Blogging for Links

Attention new bloggers & those who just want to get more links: Eugene Volokh has some typically excellent and thorough advice for you on to promote your weblog.
I agree with basically everything he says, especially the following:
…pitch the blog post (“Here’s a post I just posted:”) not the blog (“Come and read my blog”). If people really like your posts, then they’ll start to regularly read your blog.
Yes! I’d also elaborate on Eugene’s points (go back and read them all) around e-mailing posts to other bloggers. I have made extensive use of this technique myself, and it can be very helpful in gaining the “big guns” attention. But I think it’s critical to calibrate just how much you e-mail any one blogger, and the best way to do that is to ask yourself whether the relationship you are building seems to be a mutually beneficial one.
Because when a big blogger links you, they generally aren’t doing it to do you a favor. They’re doing it because they find your post interesting, and believe their readers will too. At one extreme, if you could send a Big Name blogger only posts that they thought were great and linked every time, you’d be perfect: you wouldn’t be “bothering” them at all, you’d be helping them. But at the other extreme lie the trolls who send me their daily why-Bush-is-Evil newsletters. I doubt they actually expect me to link them, but they certainly provide no value to me, and are simply an annoyance.
One basic way to measure if the relationship is a mutually beneficial one is the obvious: is the other blogger actually linking the posts you send them? I have found that even the biggest-name bloggers generally do make an attempt to read all their e-mail. So if you get no response on one post you e-mail to them: they might have missed it. But if you get no response on three in a row — well, you’re probably just not providing them with material they find intriguing, and you should either stop, or change your approach.
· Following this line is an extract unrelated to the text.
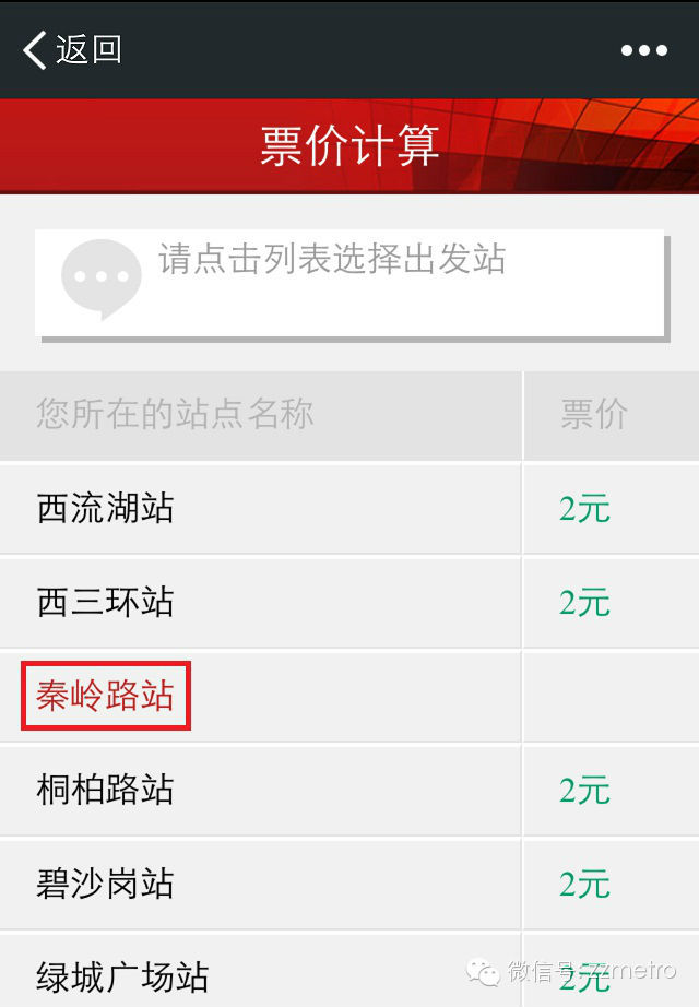 打開【地鐵出行】菜單【票價(jià)計(jì)算】。選擇起點(diǎn)站,所需票價(jià)自動顯示。

And the logic doesn’t change once they do link you, either: that’s not a sign to go ahead and e-mail every last post you write to them! Keep sending just the very best stuff; aim for a linked-to-ignored ratio of at least above 50%.
If you follow Eugene’s rules and the guidelines I’ve stated here, I won’t guarantee that you’ll achieve blogging success, but I will at least predict that you won’t annoy the hell out of anybody trying.
And one last thought: Don’t always just aim for the very-top tier bloggers. The folks who are a notch or two down (for instance, me) generally get far less mail, and are far more likely to actually take the time to read your weblog. My personal position right now is that I enjoy receiving mail from new bloggers — though I definitely prefer those who follow Eugene’s advice to pitch the post, not the whole blog. It’s not that I mind getting mail that says “Come check out my weblog” — it’s just that it doesn’t give me much to go on, and I may or may not actually get around to doing it.
Anyway, as Eugene doesn’t have comments, I’d welcome fellow blogger’s contributions here. What’s your strategy for promoting your weblog (or do you not bother doing so at all?) What’s your perspective on onsolicited e-mail from other bloggers? (This is an ‘evergreen’ discussion, by the way: I swear I had a post on similar stuff sometime last year, but can’t find it just now.)